Add vision processing components

Adding a vision model requires two image processor classes on top of the standard modular approach.

[!NOTE] For the modeling and config steps, follow the modular guide first.

torchvision backend is the default and supports GPU acceleration.
PIL backend is a fallback when no GPU is available.

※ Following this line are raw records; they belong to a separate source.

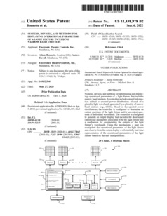 11404610 | Light Fixture with Broadband and Narrow Band Emitters | US | Wood, Cahalane | Electronic Theatre Controls | 08-02-2022 |
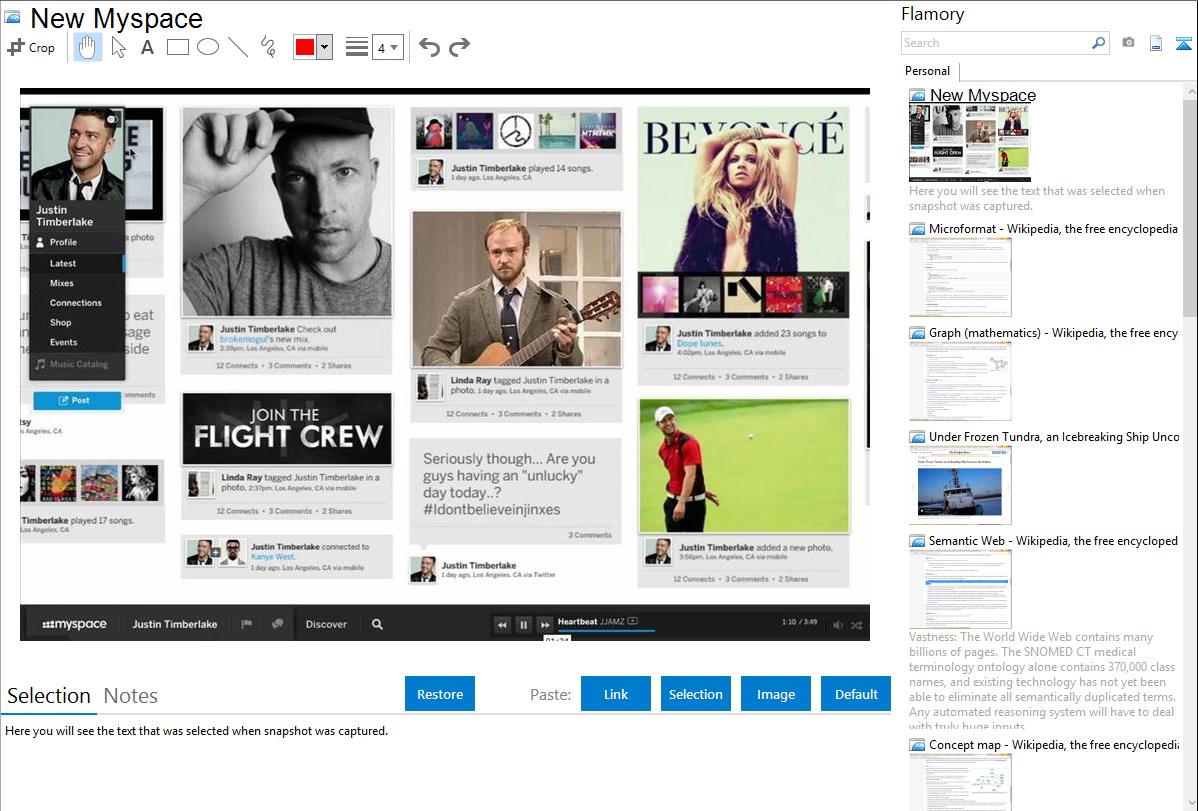 Flamory helps you capture and store screenshots from New Myspace by pressing a single hotkey. It will be saved to a history, so you can continue doing your tasks without interruptions. Later, you can edit the screenshot: crop, resize, add labels and highlights. After that, you can paste the screenshot into any other document or e-mail message.
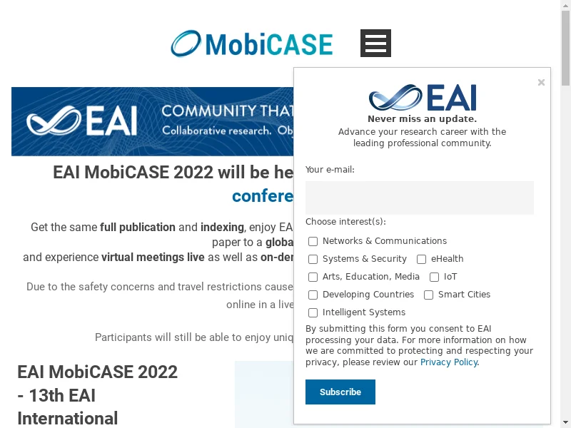 据,这是一个关于移动计算、应用和服务领域的国际会议网站。EAI MobiCASE 2022是第13届该会议,其主题涵盖了移动计算、移动应用、移动云计算、移动安全、物联网和移动人机界面等方面。该网站可以提供与MobiCASE相关的信息,包括论文提交、重要日期、会议议程、注册费用以及会场地点等。同时,该网站还提供会议日程表,包括演讲者的详细信息,以便参会者可以更好地了解会议的细节和主题。 该网站还有一个重要的特点是它是一个由欧洲联合学术专业协会主办的会议,因此,该会议有着较高质量的论文和演讲者。同时,参与该会议还可以扩展和分享您的知识和经验,以及与其他与会者建立联系和网络。对于移动技术和应用的专业人员、学术研究者以及学生来说,这个网站提供了一个很好的平台,使他们能够参与到一个高水平的国际会议中,从而能够了解最前沿的移动计算、应用和服务的趋势和发展。总之,该网站为移动计算、应用和服务领域的从业者和研究者提供了一个很好的平台,以参与到高质量的国际会议中,从而推动这个领域的发展和创新。
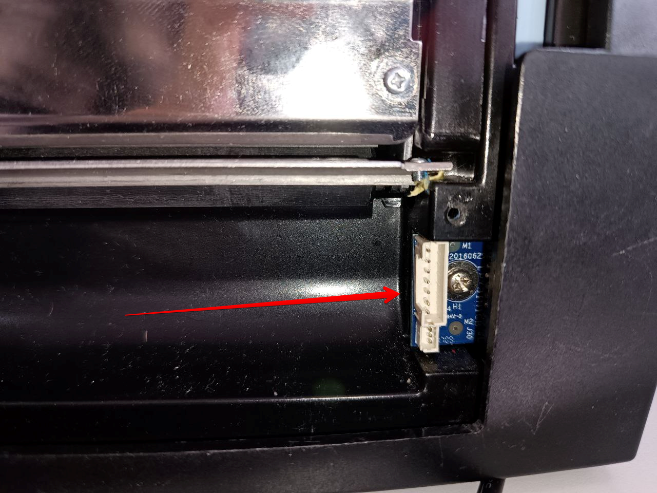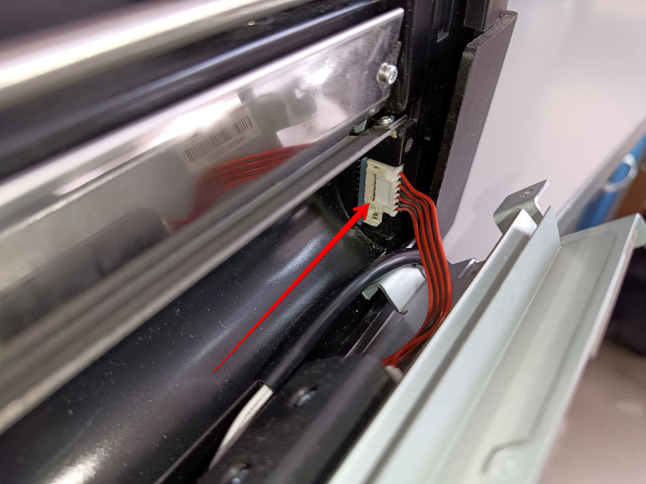 Подключаем шлейф отрезчика в разъём на принтере как на картинке.
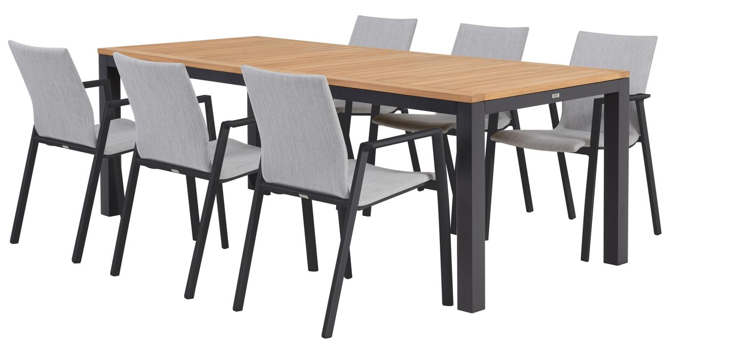 Varese tuinset in zwart aluminium en colour finish teak tafelblad met 6 stapelbare Madura tuinstoelen
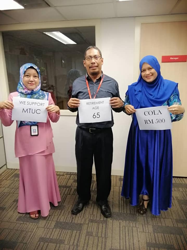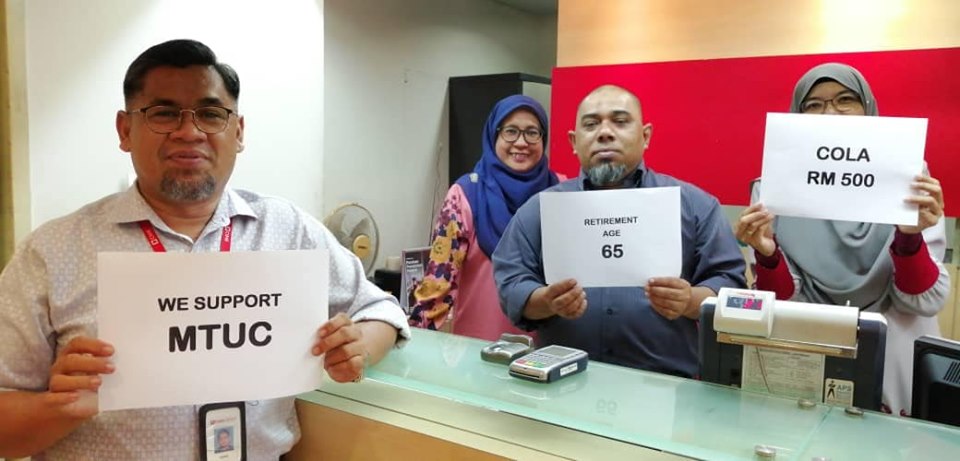 Kami ahli-ahli dari Bank Islam Taiping, CIMB Bank Taiping dan CIMB Bank Kampar menyokong penuh saranan dan persaraan 65 dan COLA RM500 bagi golongan B40 dan M40.
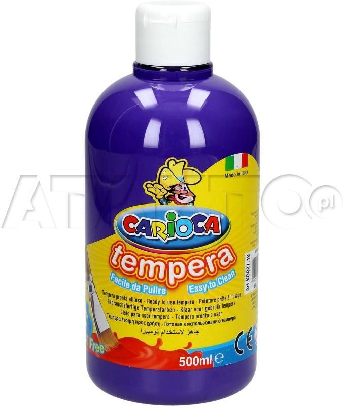 CARIOCA to uznana włoska marka, oferująca wysokiej jakości artykuły szkolne oraz przedszkolne - dzięki niej można zaopatrzyć swoje dziecko w atestowane produkty, które są potrzebne do codziennej zabawy i nauki Farba tempera Carioca 500ml fioletowa * tempery to farby wodorozcieńczalne, którymi można malować na wszystkich porowatych powierzchniach: płótnie, papierze, kartonie, tekturze, drewnie, tynku, polistyrenie * wysokiej jakości pigmenty użyte w farbach zapewniają intensywne, wyraziste kolory * po wyschnięciu farby stają się delikatnie matowe a na końcu stają się aksamitne * idealne do nauki i do prac grupowych * łatwo zmywalne * bezzapachowe * szybkoschnące * można je dowolnie mieszać, co pozwala uzyskać nowe kolory i odcienie * możliwość warstwowego malowania i korekt * gotowe do użycia bez dodawania wody * produkowane zgodnie z wymaganiami UNII EUROPEJSKIEJ * przechowywać w temperaturze od 10 do 40°C * butelki wykonane w 30% z materiału pochodzącego z recyklingu * pojemność: 500 ml * jednostka sprzedaży 1 sztuka

Both classes share the same preprocessing logic but have different backends. Their constructor signatures and default values must be identical. [AutoImageProcessor.from_pretrained()] selects the backend at load time and falls back to PIL when torchvision isn't available. Mismatched signatures cause the same saved config to behave differently across environments.

torchvision

Create image_processing_<model_name>.py with a class that inherits from [TorchvisionBackend]. Define a kwargs class first if your processor needs custom parameters beyond the standard [ImagesKwargs].

from ...image_processing_backends import TorchvisionBackend
from ...image_utils import OPENAI_CLIP_MEAN, OPENAI_CLIP_STD, PILImageResampling
from ...processing_utils import ImagesKwargs, Unpack
from ...utils import auto_docstring

class MyModelImageProcessorKwargs(ImagesKwargs, total=False):
    tile_size: int  # any model-specific kwargs

@auto_docstring
class MyModelImageProcessor(TorchvisionBackend):
    resample = PILImageResampling.BICUBIC
    image_mean = OPENAI_CLIP_MEAN
    image_std = OPENAI_CLIP_STD
    size = {"shortest_edge": 224}
    do_resize = True
    do_rescale = True
    do_normalize = True
    do_convert_rgb = True

    def __init__(self, **kwargs: Unpack[MyModelImageProcessorKwargs]):
        super().__init__(**kwargs)

PIL

Create image_processing_pil_<model_name>.py with a class that inherits from [PilBackend]. Duplicate the kwargs class here instead of importing it from the torchvision file because it can fail when torchvision isn't installed. Add an # Adapted from comment so the two stay in sync. For processors with no custom parameters, use [ImagesKwargs] directly.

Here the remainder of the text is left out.